NCPA - National Center for Policy Analysis

School Principals' Latest Worry: Lawsuits

September 16, 1999

The threat of lawsuits -- by parents, students or teachers -- is now a major factor governing the way principals run their schools. According to Vincent Ferrandine, head of the National Association of Elementary School Principals, "Whenever we plan for anything in a school today, our first consideration is how to avoid a lawsuit." The organization recently surveyed members and found:

  • Some 31 percent of high school principals faced lawsuits or out of court settlements within the past two years -- up from less than 10 percent a decade ago.
  • And 65 percent changed some school programs due to liability concerns.
  • The National Association of Secondary School Principals estimates large school districts with more than 10,000 students spend up to $1 million a year on routine legal matters.
  • Just one lawsuit can cost up to $100,000 -- a killer for a small school district.

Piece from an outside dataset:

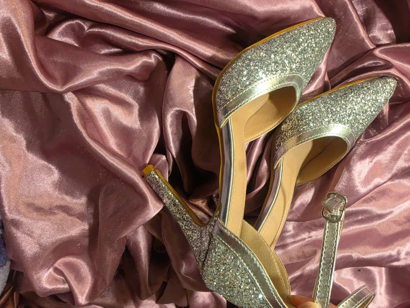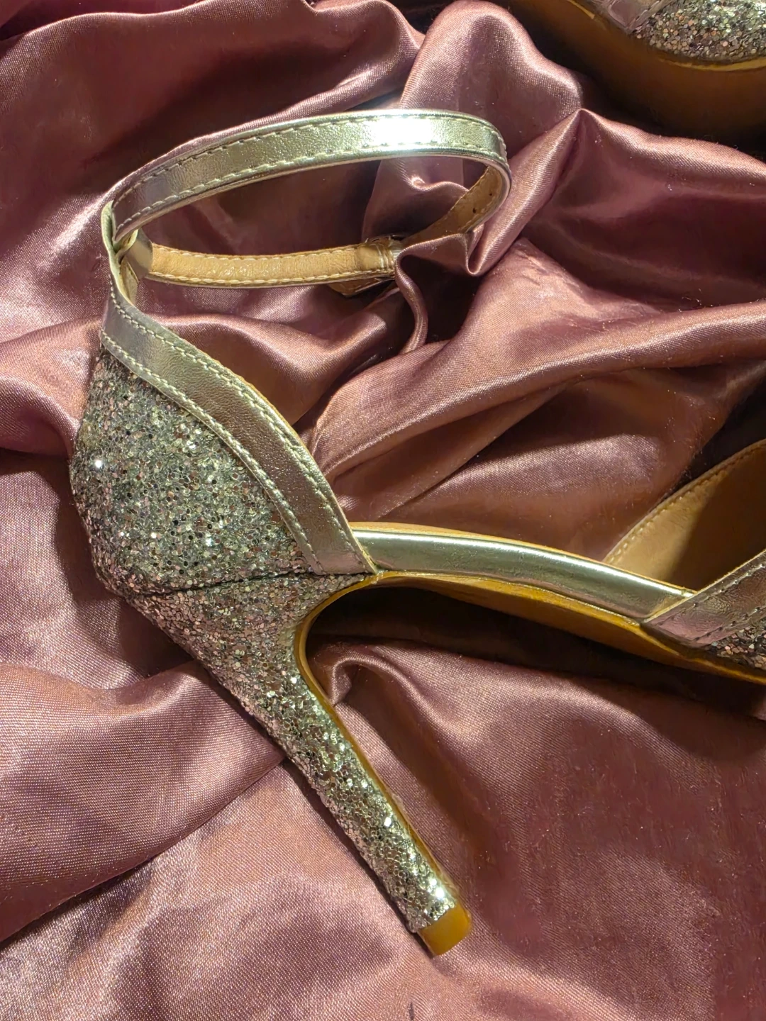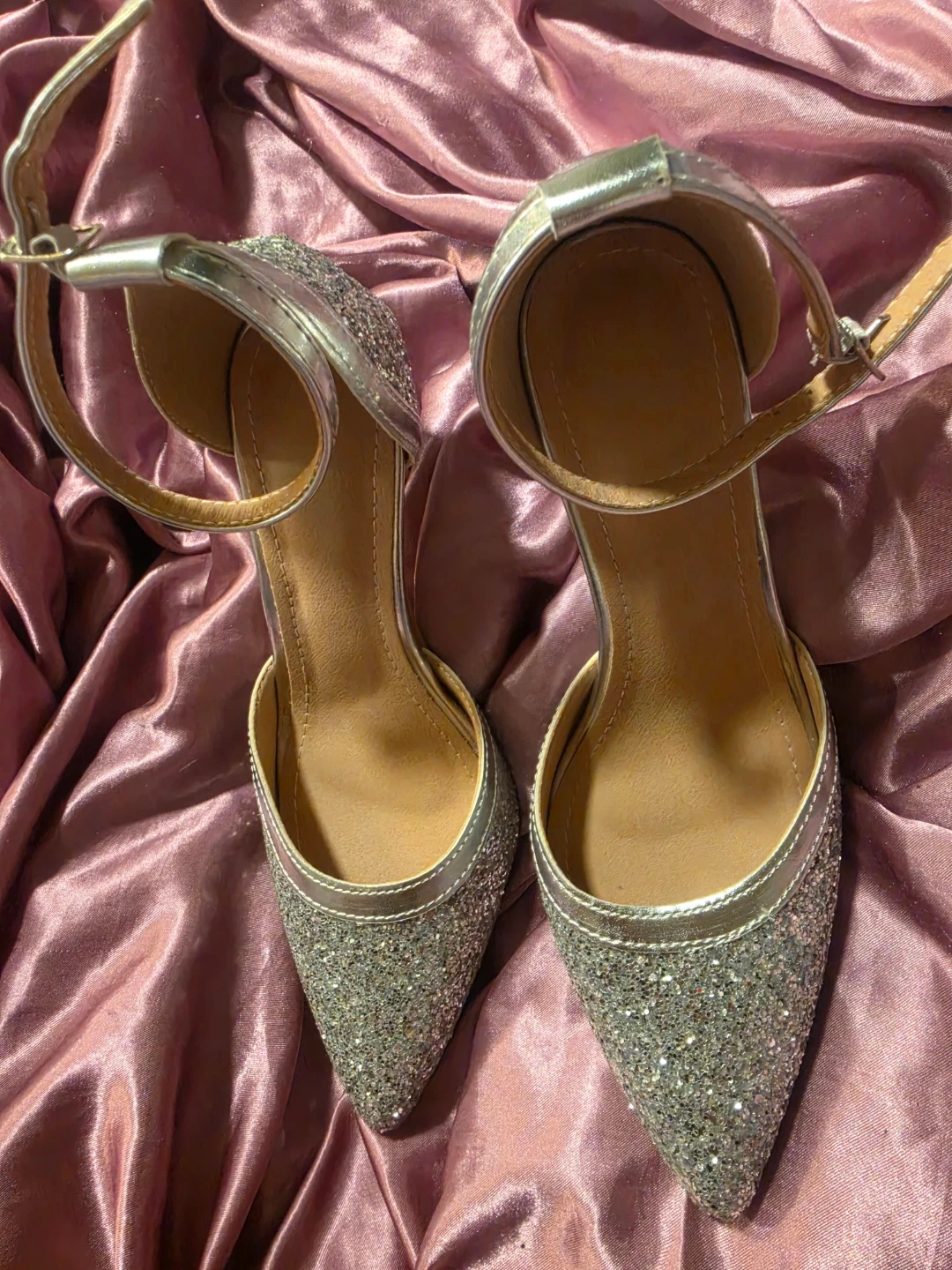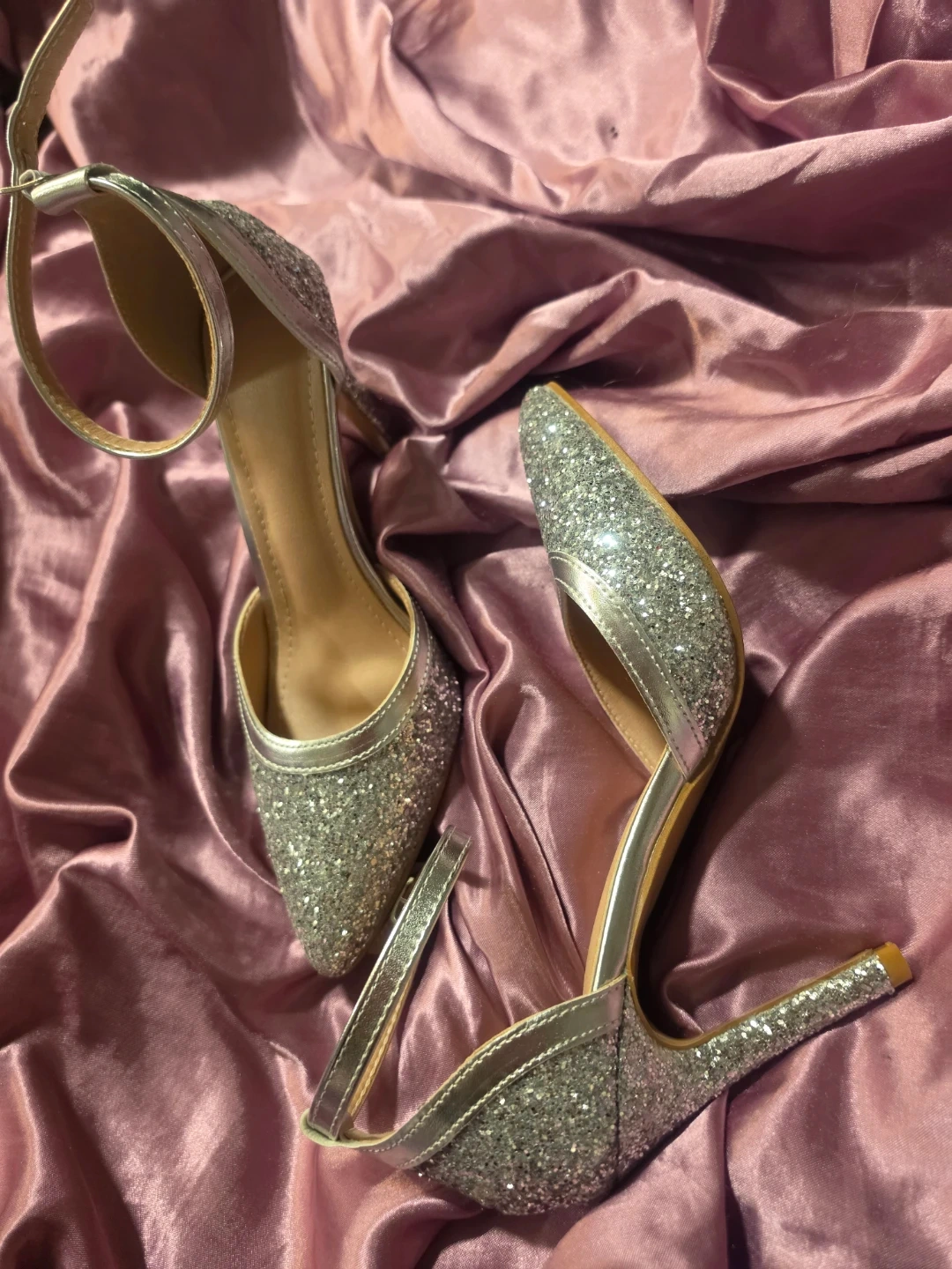 Sparkly silver glitter heels with an ankle strap. They feature a pointed toe and stiletto heel.

Critics charge the fear of lawsuits leads to zero tolerance discipline programs which are often carried to absurdity purely to avoid lawsuits. For example, in Salisbury, Maryland, a 10- year-old boy was suspended and charged with four counts of second-degree assault for snapping girls' bras. And in Fairborn, Ohio, the school district sent a 13-year-old honors student to "chemical evaluation" for taking a Midol she got from a friend. Only by doing that could she avoid an 80-day suspension.

And, observers note, it could get worse. A Supreme Court decision last year -- Davis vs. Monroe County Board of Education -- said students could sue school boards for sexual harassment by other students.